The court was hearing two public interest litigations (PILs) filed separately by an NGO, Aawaz Foundation, and by a Thane resident, Dr Mahesh Bedekar, raising concern over the increasing menace of noise pollution, especially during celebration of religious festivals such as Ganeshotsav, Navratri, etc. The petitions also alleged a complete lack of action by authorities even if complaints are lodged about breach of Noise Pollution Rules, 2000.

Kumbhakoni told the bench of justice Abhay Oka and justice Riyaz Chagla that the government machinery succeeded in bringing under control the menace of noise pollution during Tuesday’s dahi handi festival. “We cannot claim that there were absolutely no violations of the Noise Pollution Rules,” he said. “But, there was substantial compliance.”

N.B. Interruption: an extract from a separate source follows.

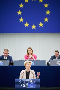 (250401) -- ESTRASBURGO, 1 abril, 2025 (Xinhua) -- La presidenta de la Comisión Europea, Ursula von der Leyen, pronuncia un...

The comment came after counsel for Aawaz Foundation pointed out that the organisation had taken noise readings at several places across the city on Tuesday and found loudspeakers being used at least at two places, in breach of the noise rules. The counsel further said that at some places, the noise level was found as high as 130 decibels, when the permissible limit in residential areas can’t exceed 55 decibels.

The court then asked the lawyer to file the report prepared by Aawaz Foundation indicating noise recorded during dahi handi festival, along with an affidavit.